Exercise aim
Return all of the data exactly, omitting any images.

Information shown Start Marker

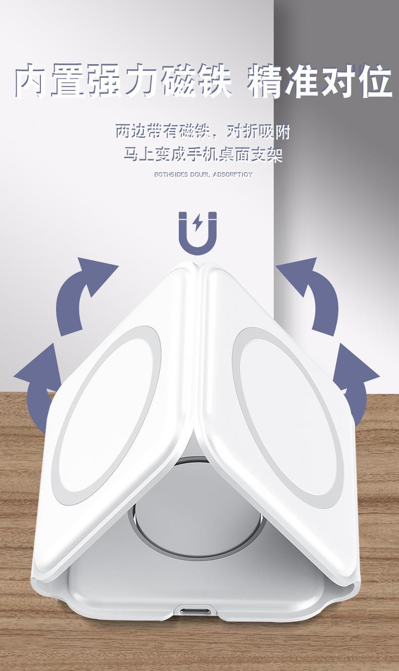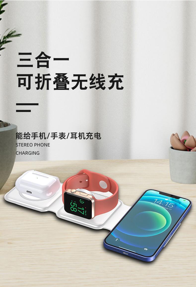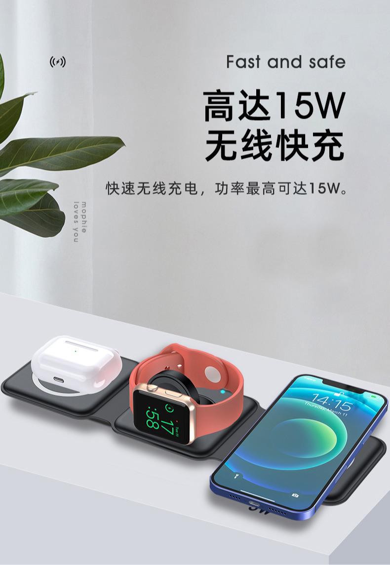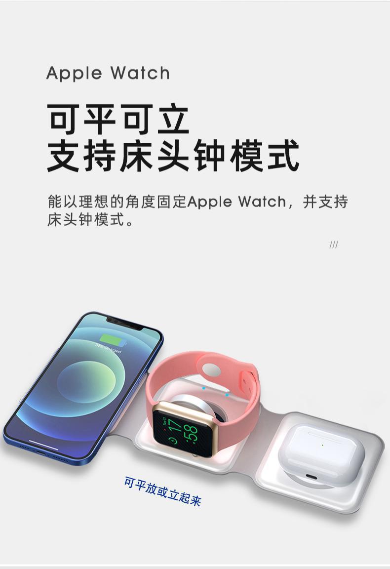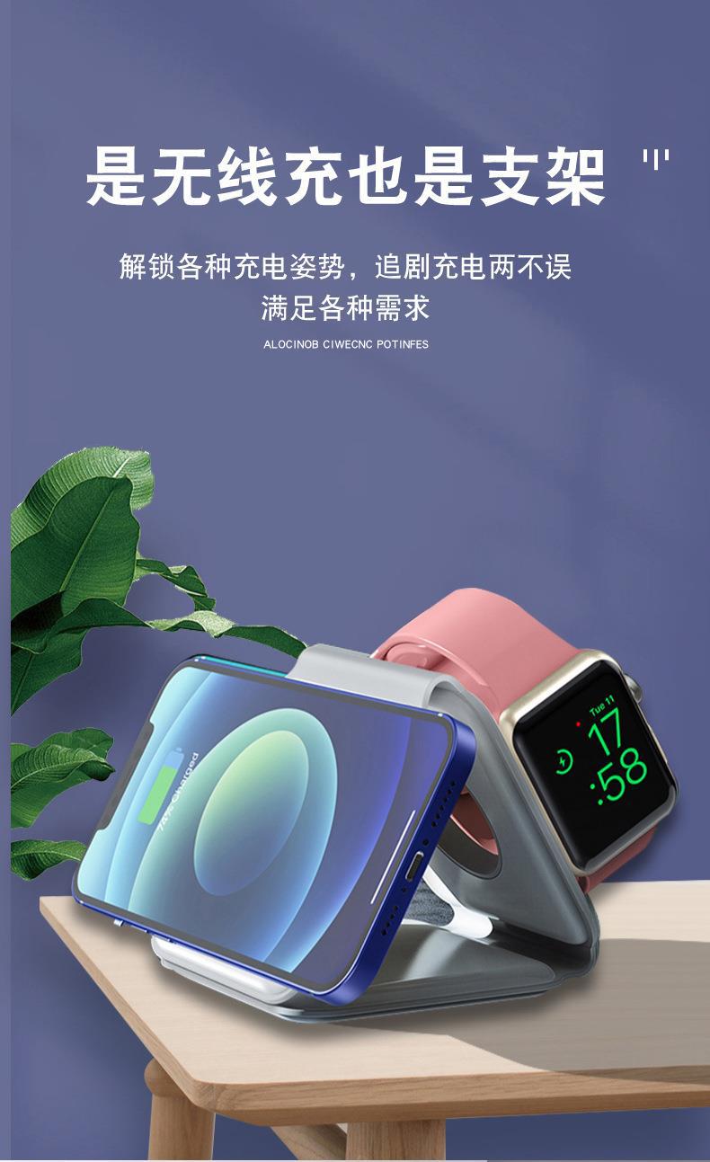 Cargador Inalámbrico Magnético Multifuncional 3 en 1 de 15W para Teléfonos Móviles, Audífonos y Relojes con Pantalla Digital Inteligente
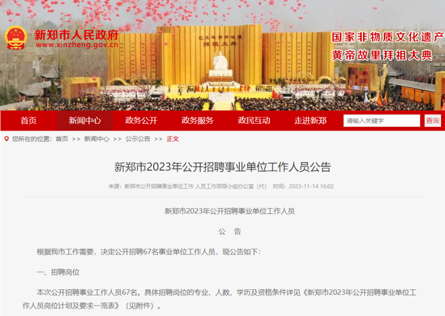 11月14日,新郑市人民政府网站发布2023年公开招聘事业单位工作人员公告,根据工作需要,决定公开招聘67名事业单位工作人员。
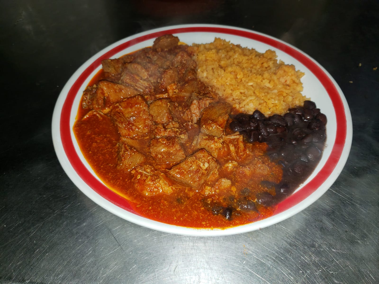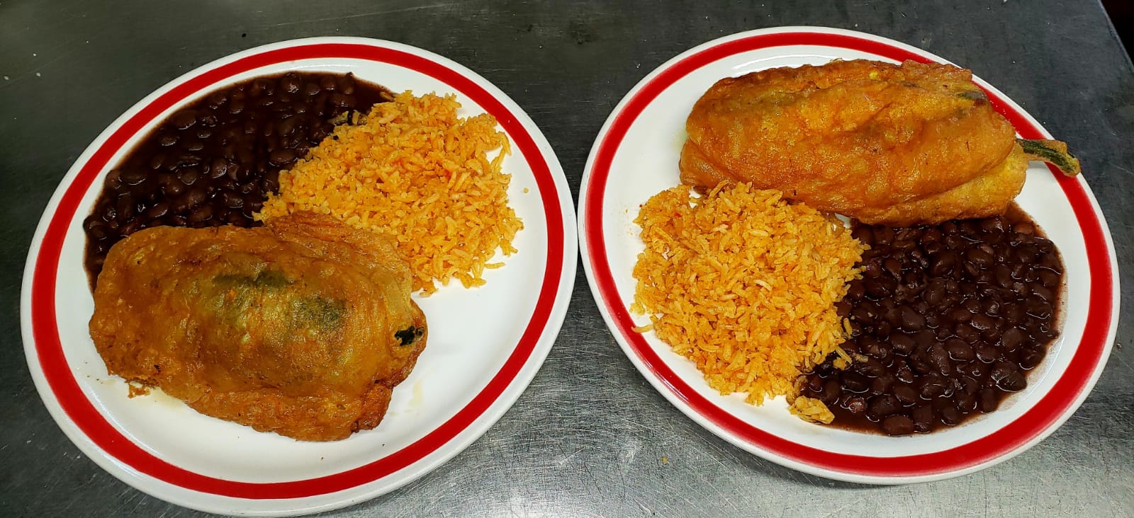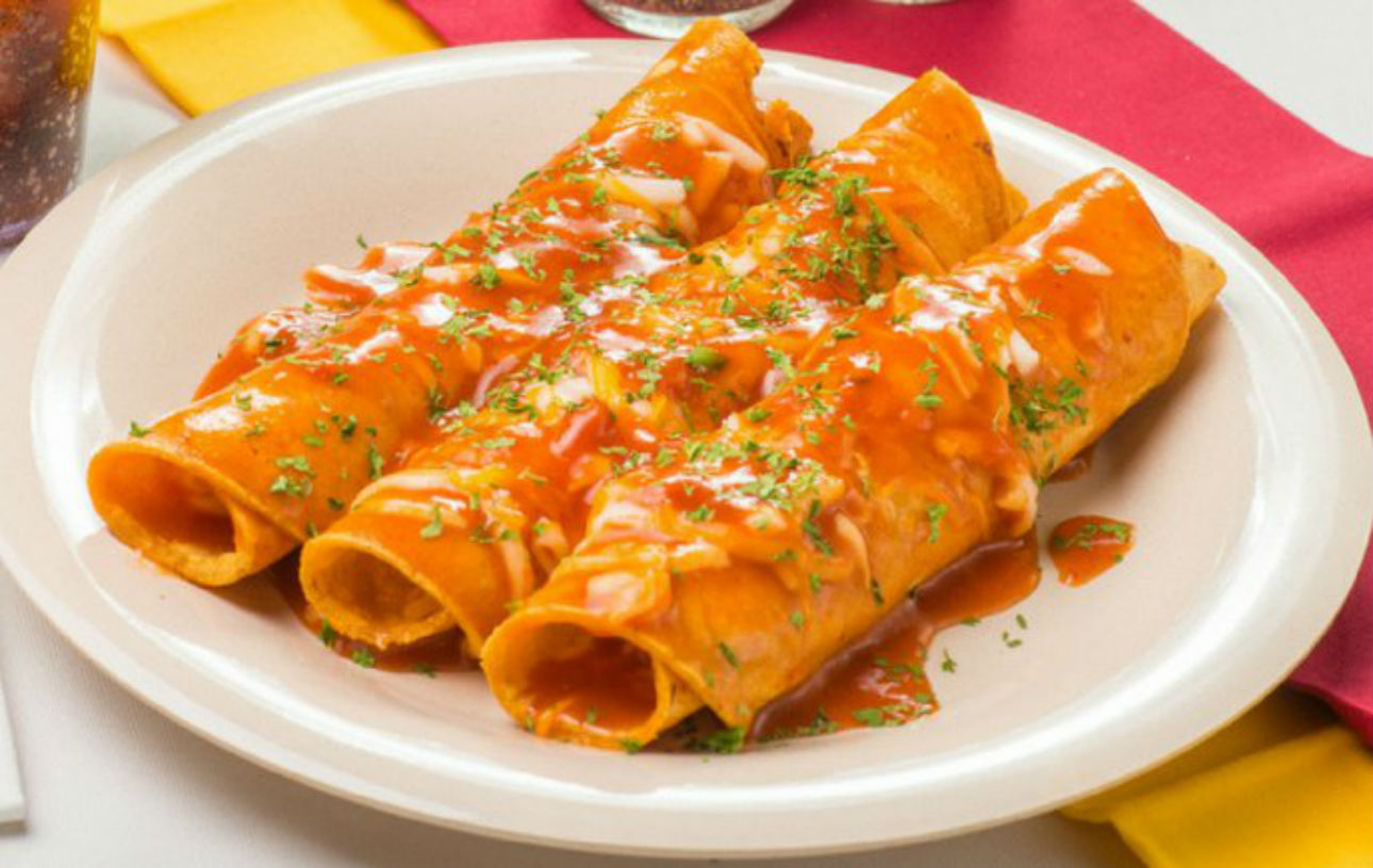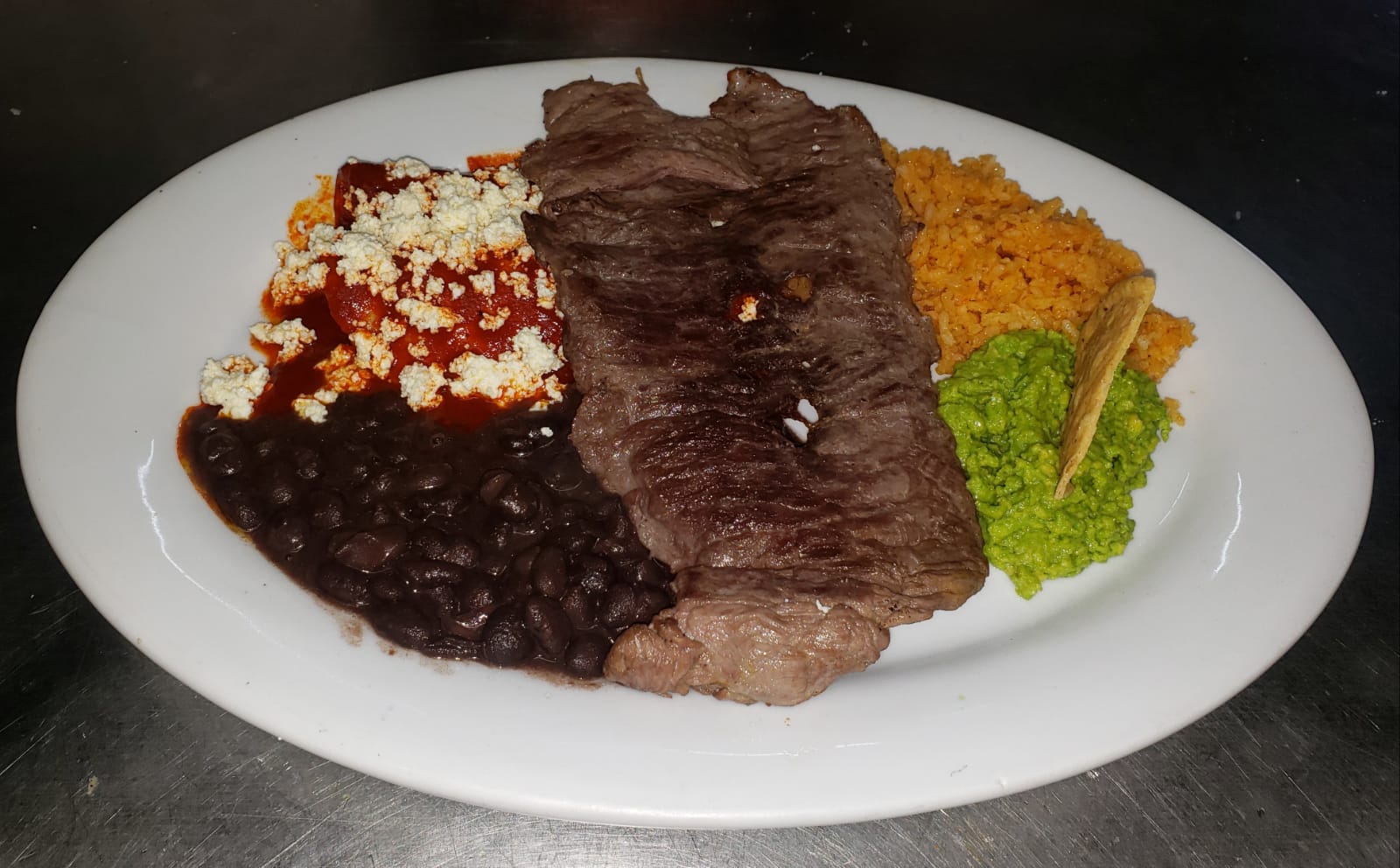 Acopañado de 2 enchiladas, arroz, frijoles y aguacate.

Information shown End Marker

Response
 Cargador Inalámbrico Magnético Multifuncional 3 en 1 de 15W para Teléfonos Móviles, Audífonos y Relojes con Pantalla Digital Inteligente
 11月14日,新郑市人民政府网站发布2023年公开招聘事业单位工作人员公告,根据工作需要,决定公开招聘67名事业单位工作人员。
 Acopañado de 2 enchiladas, arroz, frijoles y aguacate.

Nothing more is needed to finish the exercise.